EXERCISE BRIEF: Identify all lines below that hold "плиты" and collect them.
══ PROVIDED DATA ══
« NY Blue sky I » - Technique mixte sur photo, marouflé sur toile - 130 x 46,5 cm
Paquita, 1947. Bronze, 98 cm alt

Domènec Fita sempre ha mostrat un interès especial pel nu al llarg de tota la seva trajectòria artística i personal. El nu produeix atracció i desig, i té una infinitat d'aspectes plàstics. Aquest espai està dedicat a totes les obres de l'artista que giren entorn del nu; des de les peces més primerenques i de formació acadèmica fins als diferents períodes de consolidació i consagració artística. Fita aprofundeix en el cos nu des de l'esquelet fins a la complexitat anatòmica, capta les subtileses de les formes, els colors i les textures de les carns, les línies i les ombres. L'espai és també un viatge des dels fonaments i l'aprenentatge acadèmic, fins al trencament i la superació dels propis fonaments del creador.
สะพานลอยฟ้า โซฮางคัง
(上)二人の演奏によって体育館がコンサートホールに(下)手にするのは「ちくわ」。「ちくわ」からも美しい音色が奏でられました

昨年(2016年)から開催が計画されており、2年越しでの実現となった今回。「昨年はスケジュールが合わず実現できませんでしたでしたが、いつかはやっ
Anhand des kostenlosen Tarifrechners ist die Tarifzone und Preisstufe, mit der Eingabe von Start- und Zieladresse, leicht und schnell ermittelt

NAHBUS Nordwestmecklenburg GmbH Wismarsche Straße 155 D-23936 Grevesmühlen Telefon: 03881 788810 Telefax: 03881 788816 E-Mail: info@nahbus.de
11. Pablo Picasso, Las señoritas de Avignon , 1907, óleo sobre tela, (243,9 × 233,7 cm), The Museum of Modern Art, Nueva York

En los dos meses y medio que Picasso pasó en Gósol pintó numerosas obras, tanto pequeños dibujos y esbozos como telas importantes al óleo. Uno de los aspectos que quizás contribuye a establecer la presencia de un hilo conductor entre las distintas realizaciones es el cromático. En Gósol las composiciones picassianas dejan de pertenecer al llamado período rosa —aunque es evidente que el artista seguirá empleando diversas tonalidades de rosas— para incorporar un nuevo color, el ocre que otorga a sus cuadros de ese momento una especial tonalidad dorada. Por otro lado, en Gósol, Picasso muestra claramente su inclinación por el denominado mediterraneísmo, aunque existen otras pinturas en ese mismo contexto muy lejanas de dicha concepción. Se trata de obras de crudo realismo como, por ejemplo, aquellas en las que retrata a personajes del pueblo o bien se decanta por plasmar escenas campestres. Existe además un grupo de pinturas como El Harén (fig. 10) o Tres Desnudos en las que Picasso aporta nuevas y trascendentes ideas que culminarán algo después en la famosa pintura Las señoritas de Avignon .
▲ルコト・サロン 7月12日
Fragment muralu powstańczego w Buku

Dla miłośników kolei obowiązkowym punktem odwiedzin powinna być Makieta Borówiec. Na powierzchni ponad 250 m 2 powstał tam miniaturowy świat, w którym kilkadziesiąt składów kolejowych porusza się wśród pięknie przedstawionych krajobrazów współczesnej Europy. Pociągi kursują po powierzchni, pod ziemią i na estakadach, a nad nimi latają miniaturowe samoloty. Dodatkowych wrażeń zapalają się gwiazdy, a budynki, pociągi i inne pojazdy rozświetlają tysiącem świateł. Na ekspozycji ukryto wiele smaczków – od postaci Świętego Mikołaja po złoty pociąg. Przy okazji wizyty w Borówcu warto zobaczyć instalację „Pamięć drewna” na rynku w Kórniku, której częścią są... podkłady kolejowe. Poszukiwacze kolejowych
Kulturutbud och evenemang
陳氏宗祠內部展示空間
═══
══ PROVIDED DATA ══
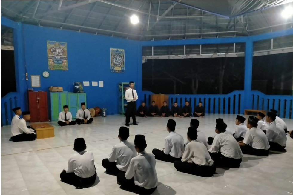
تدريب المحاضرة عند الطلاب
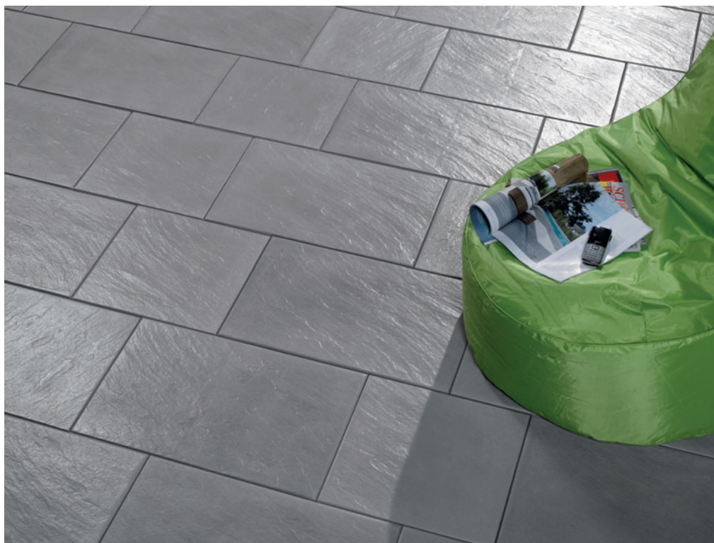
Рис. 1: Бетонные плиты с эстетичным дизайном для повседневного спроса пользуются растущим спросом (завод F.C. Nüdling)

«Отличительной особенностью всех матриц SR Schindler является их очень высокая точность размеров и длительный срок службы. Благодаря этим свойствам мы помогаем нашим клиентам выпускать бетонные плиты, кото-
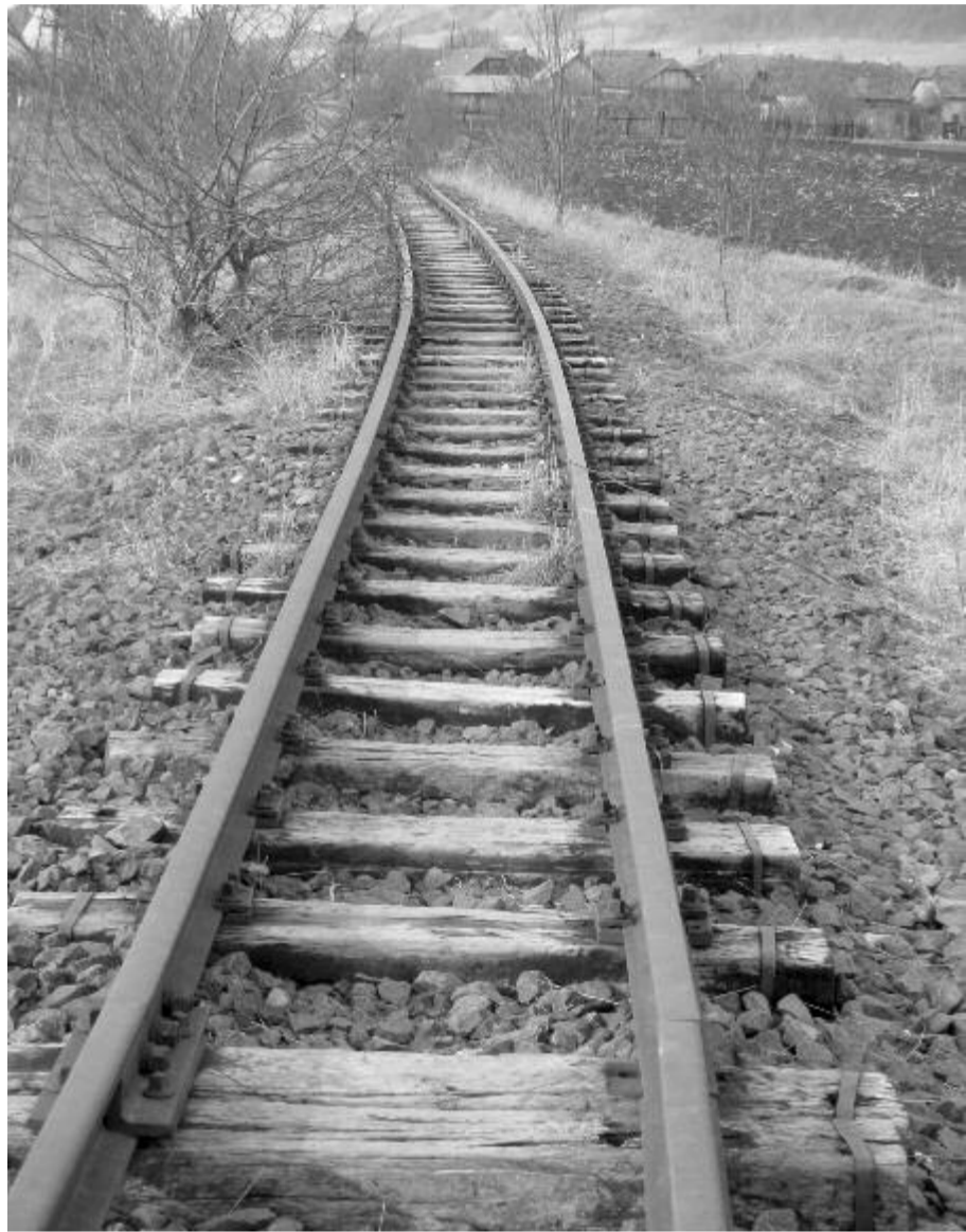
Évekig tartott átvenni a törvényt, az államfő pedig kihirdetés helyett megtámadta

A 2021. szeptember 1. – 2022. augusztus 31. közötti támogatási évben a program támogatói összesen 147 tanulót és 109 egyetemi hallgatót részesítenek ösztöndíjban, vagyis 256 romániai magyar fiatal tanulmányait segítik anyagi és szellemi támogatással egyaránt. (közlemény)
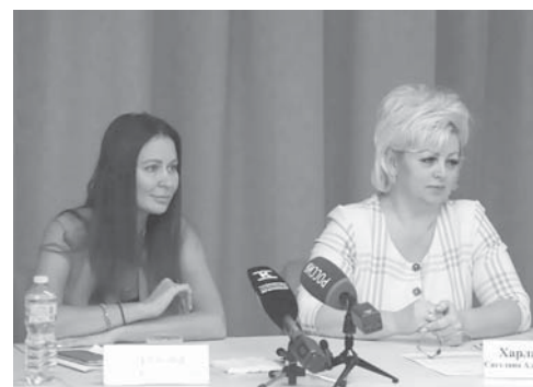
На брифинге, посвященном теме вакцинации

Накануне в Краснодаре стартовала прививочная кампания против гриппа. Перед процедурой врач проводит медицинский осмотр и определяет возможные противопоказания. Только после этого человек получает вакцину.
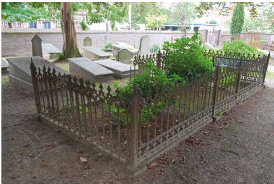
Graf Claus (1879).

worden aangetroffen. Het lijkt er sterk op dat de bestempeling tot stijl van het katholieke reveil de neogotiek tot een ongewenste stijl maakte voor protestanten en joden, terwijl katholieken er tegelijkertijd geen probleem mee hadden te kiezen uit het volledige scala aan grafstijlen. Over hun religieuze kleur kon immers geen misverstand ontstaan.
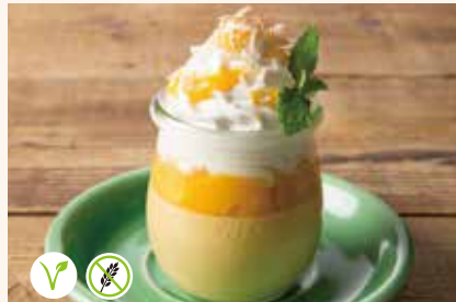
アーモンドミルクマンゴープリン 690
═══
══ PROVIDED DATA ══
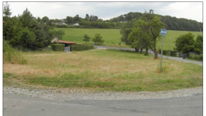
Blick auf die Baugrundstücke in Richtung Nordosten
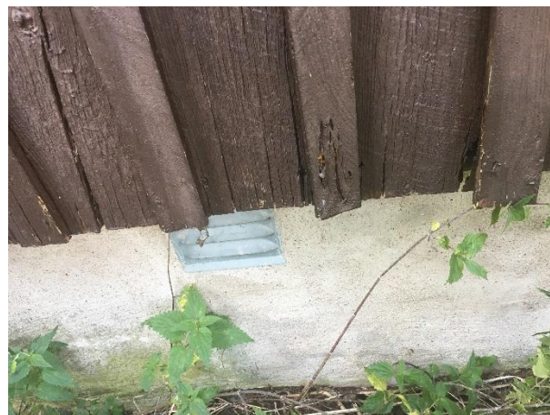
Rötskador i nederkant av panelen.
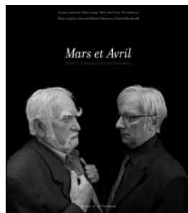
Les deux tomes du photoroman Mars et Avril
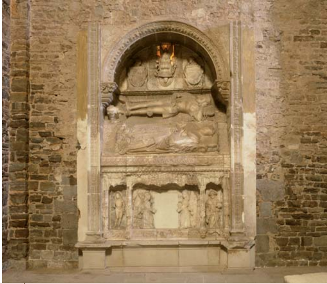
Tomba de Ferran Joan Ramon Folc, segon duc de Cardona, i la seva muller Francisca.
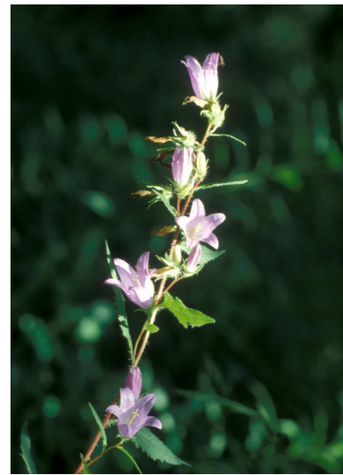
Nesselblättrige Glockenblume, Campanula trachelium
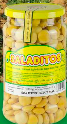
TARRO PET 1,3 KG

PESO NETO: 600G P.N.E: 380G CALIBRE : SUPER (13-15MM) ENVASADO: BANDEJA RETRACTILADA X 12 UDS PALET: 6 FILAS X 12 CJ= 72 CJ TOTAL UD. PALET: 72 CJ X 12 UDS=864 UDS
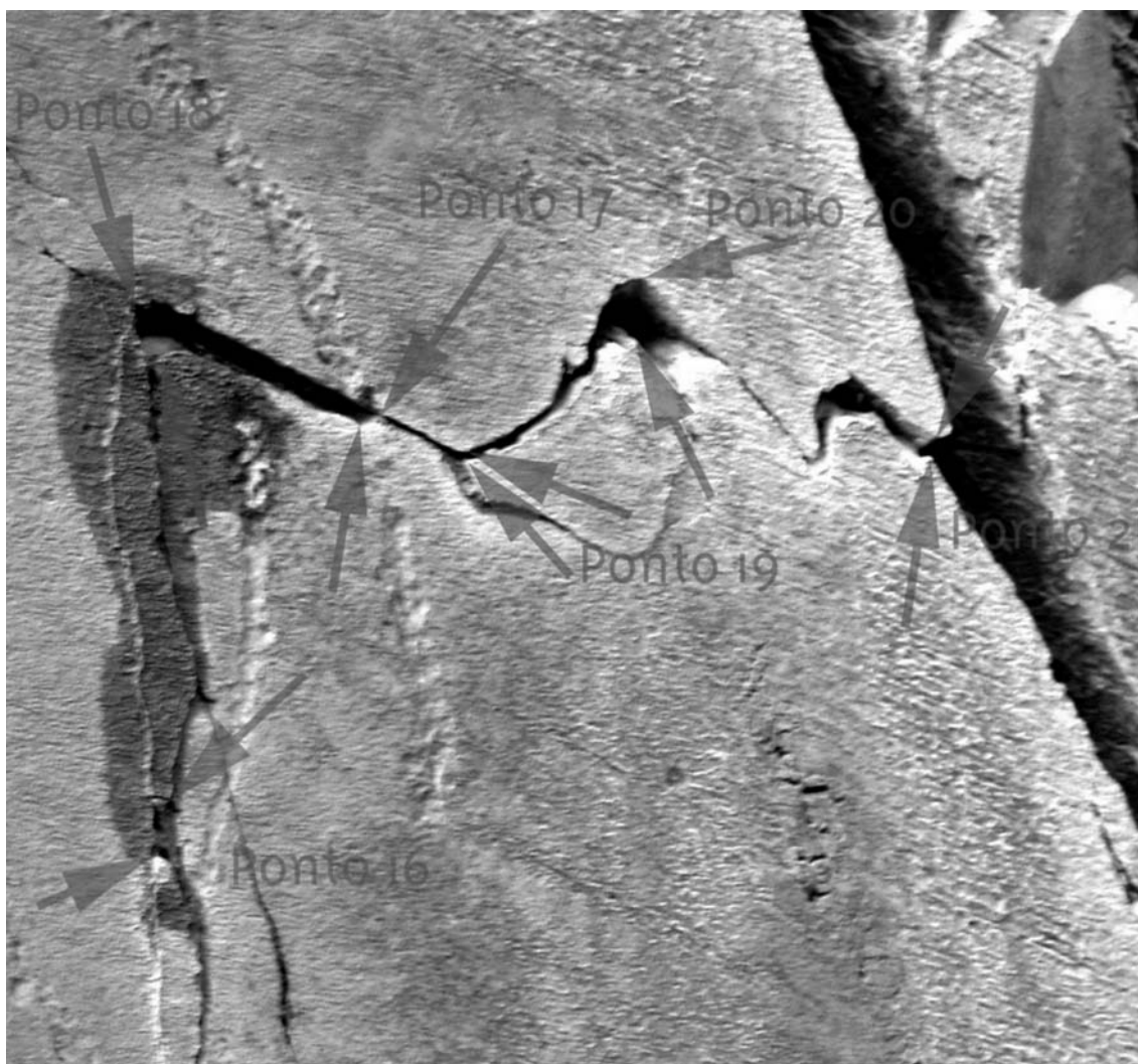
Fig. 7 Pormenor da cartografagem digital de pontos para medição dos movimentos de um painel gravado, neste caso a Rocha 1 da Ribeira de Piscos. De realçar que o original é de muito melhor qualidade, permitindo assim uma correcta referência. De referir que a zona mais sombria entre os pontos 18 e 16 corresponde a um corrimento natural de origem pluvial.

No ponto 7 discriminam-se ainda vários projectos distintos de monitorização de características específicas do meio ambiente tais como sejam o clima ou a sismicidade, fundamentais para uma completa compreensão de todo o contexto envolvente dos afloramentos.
═══
OUTPUT FOR THIS EXERCISE:
Рис. 1: Бетонные плиты с эстетичным дизайном для повседневного спроса пользуются растущим спросом (завод F.C. Nüdling)
«Отличительной особенностью всех матриц SR Schindler является их очень высокая точность размеров и длительный срок службы. Благодаря этим свойствам мы помогаем нашим клиентам выпускать бетонные плиты, кото-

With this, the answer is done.